Couple offers residents a Guatemala adventure
Years ago Mohamed Hamza helped a sailor friend who was stranded in Bermuda with a broken mast and without the funds to repair it.
A public appeal raised $50,000; the friend went off on his sailboat and, when he hit Guatemala, invited Mr Hamza to pay a visit.
It turned into the trip of a lifetime for Mr Hamza, who met his wife Clare Dominguez while there.
The couple are planning a return visit to Guatemala next month and are inviting Bermuda residents to join them for the experience.
“It’s an amazing country,” Mr Hamza said. “I was there for the majority of the first year of [the pandemic], getting immersed in the culture. Just over 50 per cent of the population is indigenous Mayan and, like anywhere beautiful in the world, it's really the people that made it for me – their hospitality, the kindness, the richness of culture.”
He met his Australian wife on the Rio Dulce, where she was working as a guide in the national park.
Once they settled here the pair launched a company, Ethos Bermuda, with the idea of showcasing “various aspects of the values that we've experienced, travelling the world together”.

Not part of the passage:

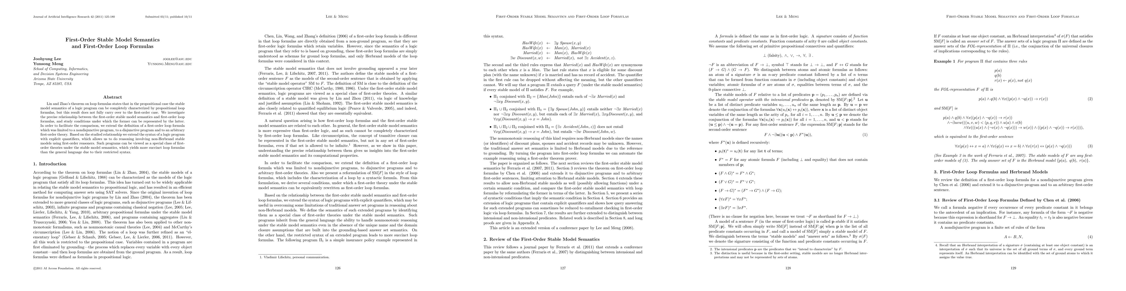 This paper investigates the relationship between first-order stable model semantics and first-order loop formulas, extending the latter to disjunctive programs and arbitrary first-order theories. It proposes conditions under which stable model semantics can be represented by these extended loop formulas, facilitating reasoning with non-Herbrand stable models using first-order reasoners.

“We’re used to catering for tourists and those individuals who are looking for exceptional experiences in Bermuda based on our four pillars – music, cuisine, nature and movement,” Mr Hamza said.

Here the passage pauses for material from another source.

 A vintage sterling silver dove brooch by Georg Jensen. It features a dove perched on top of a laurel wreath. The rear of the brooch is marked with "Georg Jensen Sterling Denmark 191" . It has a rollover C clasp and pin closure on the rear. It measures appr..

“We thought we’d offer the Bermudian public and residents of Bermuda an opportunity to experience another exceptional country and of course, Guatemala was our first choice for that because it was familiar to both Clare and I.”
Two weeks of exploration of the Central American country are on offer starting October 31 in Antigua, a city that served as its capital for more than 200 years.
“But now that city is a small, ten by ten block Unesco World Heritage location,” Ms Dominguez said. “It's surrounded by three different volcanoes and there are daily eruptions that you can see from the city. So just being there, in this kind of valley surrounded by coffee plantations, is just a beautiful experience.”
On the itinerary is the Festival de Barriletes Gigantes, a display of colourful “giant” kites. Guests can choose from one of two options: a five-day yoga immersion run by the studio Ms Dominguez practised with when she lived there or “a package of experiences” billed as “Antigua in depth”.
“So let's say that you wanted to travel with your friend. Your friend could choose yoga and you could choose the other option and it would be fine because you're in the same accommodation so you see each other for breakfast, and then you see each other at the end of the day,” Ms Dominguez added.
The following week will be spent in Rio Dulce where highlights include a boat ride to Livingston, Guatemala’s main port on the Caribbean Sea, which is known for Garifuna drumming.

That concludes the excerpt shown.